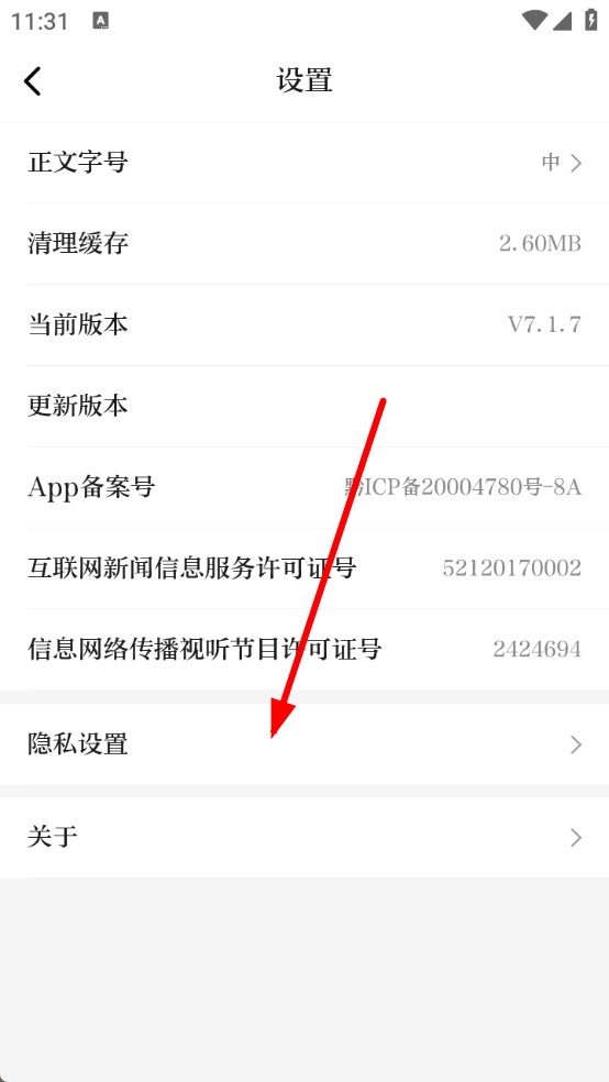 2、进入设置页面后,点击隐私设置。
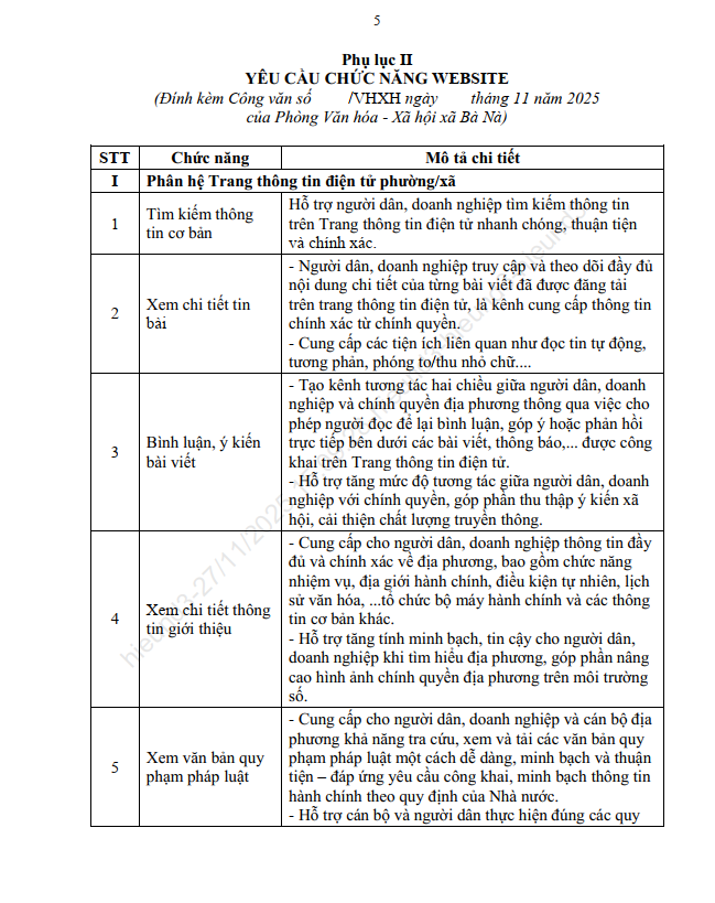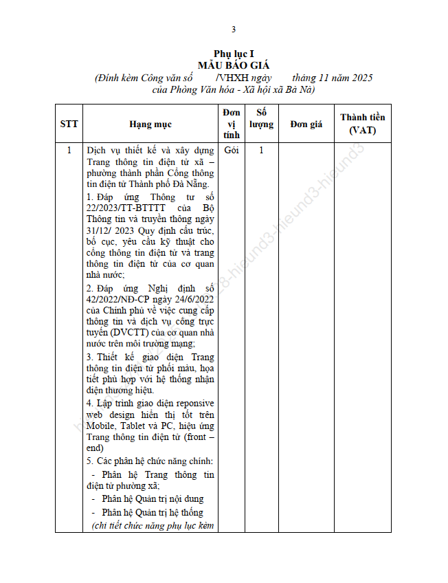 Về việc đề nghị báo giá xây dựng Trang thông tin điện tử xã Bà Nà
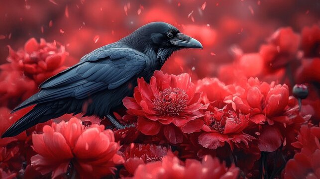 black raven perched among lush red peonies with drifting petals, moody and mysterious floral scene evoking melancholy and quiet beauty
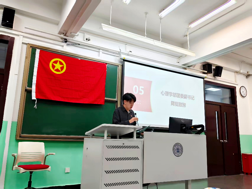 图 3青年团校秘书处秘书长石书文致辞 随后,爱爱啦 团委副书记周挺同学致辞,代表学部团委对新学员表示热烈欢迎,强调了作为心理学人,要在新时代新征程中展现独特担当,以理性与温暖守护心灵、照亮他人。
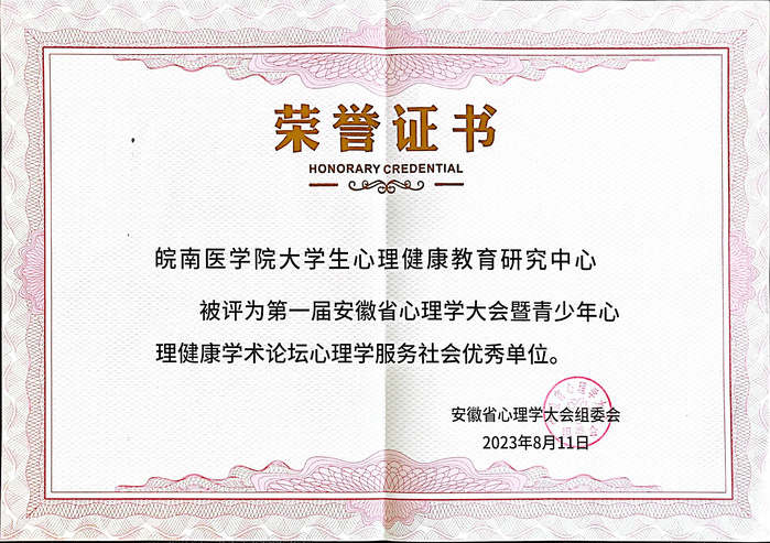 心理学服务社会优秀单位证书
.....
§ PROBLEM DETAILS: Leave the pictures aside and print exactly, and only, the lines from the one with "Về việc đề nghị" through the end of the data, both included.

§ REPLY TO THE TASK:
 Về việc đề nghị báo giá xây dựng Trang thông tin điện tử xã Bà Nà
 black raven perched among lush red peonies with drifting petals, moody and mysterious floral scene evoking melancholy and quiet beauty
 图 3青年团校秘书处秘书长石书文致辞 随后,爱爱啦 团委副书记周挺同学致辞,代表学部团委对新学员表示热烈欢迎,强调了作为心理学人,要在新时代新征程中展现独特担当,以理性与温暖守护心灵、照亮他人。
 心理学服务社会优秀单位证书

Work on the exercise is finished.